My tests showed that higher number of word embedding dimensions as well as hidden states tends to lead to better results for all languages on all models. For instance, as shown below, 100 embedding dimensions along with 60 hidden dimensions signifficantly outperforms a 50-50 combination. 

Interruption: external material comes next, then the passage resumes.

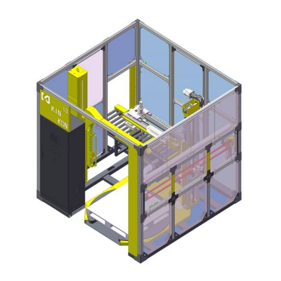 我們拿幾個組合設(shè)備來介紹一下。纏繞打帶一體機,可以實現(xiàn)非流水線的纏繞及打帶工序;碼垛纏繞一體機,可以實現(xiàn)對接到流水線前端直接進行碼垛和纏繞;在線纏繞覆頂一體機,可以在一個工位實現(xiàn)纏繞和覆頂,并且在此工位上還可添加紙護角機來完成三道工序。所以在功能上,組合式設(shè)備可以同時實現(xiàn)多重工序,有效的減少了占地面積,節(jié)省了空間。

The improvement was only seen on values below 130, as more than 130 dimensions often resulted in either no improvement or sometimes even a worse accuracy.

In [None]:
####### 50 embedding dimensions, 50 hidden dimensions ##########

pos_tagger = Tagger(rnn_type = 'GRU', word_embedding_dim=50,
                   rnn_hidden_dim=50,
                   vocabulary_size=len(processor.token2idx),
                   tagset_size=len(processor.tag2idx)-1, bidirectional_bool=False,
                  data_storage = processor)

In [None]:
pos_tagger.train(X_lt_train_alksnis, y_lt_train_alksnis, no_epochs=10)
pos_tagger.test(X_lt_test_alksnis, y_lt_test_alksnis)

Epoch 0: 100%|██████████| 10/10 [00:00<00:00, 16.71batch/s, accuracy=56.2, loss=1.57]
Epoch 1: 100%|██████████| 10/10 [00:00<00:00, 16.40batch/s, accuracy=63, loss=1.23]
Epoch 2: 100%|██████████| 10/10 [00:00<00:00, 17.21batch/s, accuracy=68.5, loss=1.02]
Epoch 3: 100%|██████████| 10/10 [00:00<00:00, 16.83batch/s, accuracy=74.8, loss=0.846]
Epoch 4: 100%|██████████| 10/10 [00:00<00:00, 16.89batch/s, accuracy=80.3, loss=0.667]
Epoch 5: 100%|██████████| 10/10 [00:00<00:00, 16.95batch/s, accuracy=85.3, loss=0.499]
Epoch 6: 100%|██████████| 10/10 [00:00<00:00, 17.14batch/s, accuracy=90.1, loss=0.362]
Epoch 7: 100%|██████████| 10/10 [00:00<00:00, 16.66batch/s, accuracy=93.9, loss=0.243]
Epoch 8: 100%|██████████| 10/10 [00:00<00:00, 16.46batch/s, accuracy=96.6, loss=0.156]
Epoch 9: 100%|██████████| 10/10 [00:00<00:00, 17.32batch/s, accuracy=97.7, loss=0.0988]


Test accuracy 56.5%


In [None]:
####### 100 embedding dimensions, 60 hidden dimensions ##########

pos_tagger = Tagger(rnn_type = 'GRU', word_embedding_dim=100,
                   rnn_hidden_dim=60,
                   vocabulary_size=len(processor.token2idx),
                   tagset_size=len(processor.tag2idx)-1, bidirectional_bool=False,
                  data_storage = processor)

In [None]:
pos_tagger.train(X_lt_train_alksnis, y_lt_train_alksnis, no_epochs=10)
pos_tagger.test(X_lt_test_alksnis, y_lt_test_alksnis)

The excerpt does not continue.